Informacoes sobre ordens
| Nome do Produto | Numero de Catalogo | UNID | Preco | Qde | FAVORITOS | |
mHMGCS Plasmídeo duplo de Nickase (h) | sc-403941-NIC | 20 µg | $410.00 | |||
mHMGCS Plasmídeo duplo de Nickase (h2) | sc-403941-NIC-2 | 20 µg | $410.00 |
HMGCS2 codifica a 3-hidroxi-3-metilglutaril-CoA sintase mitocondrial (mHMGCS), a enzima limitante da velocidade da cetogênese hepática que converte acetoacetil-CoA e acetil-CoA em HMG-CoA. Essa atividade conecta a β-oxidação de ácidos graxos à produção de corpos cetônicos e sustenta a adaptação metabólica durante o jejum e outros estados de estresse por deficiência de nutrientes. A função da mHMGCS integra-se ao manejo mitocondrial de acetil-CoA, ao equilíbrio redox e às vias de homeostase energética, sendo que sua desregulação está implicada em erros inatos da síntese de corpos cetônicos e em fenótipos metabólicos mais amplos. Alterações na expressão de HMGCS2 também têm sido estudadas em contextos de metabolismo hepático, respostas ao estresse oxidativo e remodelamento metabólico associado a estados celulares relevantes para doenças.

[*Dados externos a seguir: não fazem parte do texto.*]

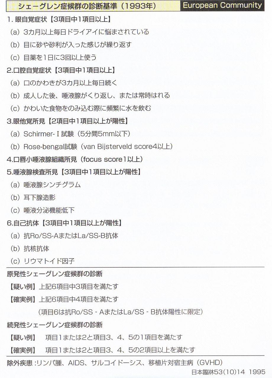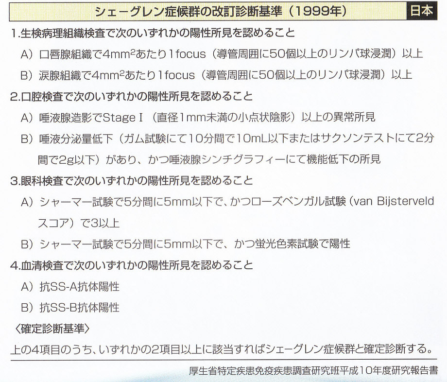 ヨーロッパの診断基準によれば、自覚症状も診断基準の項目に張っていおり、シルマーテストや血液検査と合わせて確定診断可能であり、こちらの診断基準を用いる方がより実臨床にあっている。

mHMGCS O Plasmídeo de Nickase Dupla (h) consiste num par de plasmídeos combinados, concebidos para a edição de alta especificidade do locus HMGCS2 em linhas celulares human. Cada plasmídeo expressa uma nickase Cas9 D10A e um sgRNA distinto que tem como alvo cadeias de ADN opostas dentro de HMGCS2. Quando direcionadas para locais adjacentes em cadeias de ADN opostas, as duas nickases geram cortes deslocados numa única cadeia que, em conjunto, produzem uma quebra escalonada de cadeia dupla, exigindo uma atividade coordenada no alvo por parte de ambas as guias. A quebra de ADN resultante é resolvida por vias de reparação celular endógenas, mais frequentemente através da junção de extremidades não homólogas (NHEJ), levando a inserções ou deleções que perturbam a função HMGCS2. Ao exigir o envolvimento de dois sgRNA no locus alvo, a abordagem de dupla nickase aumenta a especificidade da edição e fornece uma estratégia CRISPR complementar para aplicações em que se deseja um controlo adicional sobre a precisão do direcionamento.
Para apoiar a identificação eficiente das células editadas, um plasmídeo codifica GFP para visualização fluorescente das populações transfectadas, enquanto o plasmídeo complementar transporta um gene de resistência à puromicina para seleção antibiótica. Em conjunto, estas características apoiam o enriquecimento eficiente das populações co-transfectadas e simplificam a validação dos clones com HMGCS2 interrompido.
Apenas para uso em investigação. Não se destina a uso diagnóstico ou terapêutico.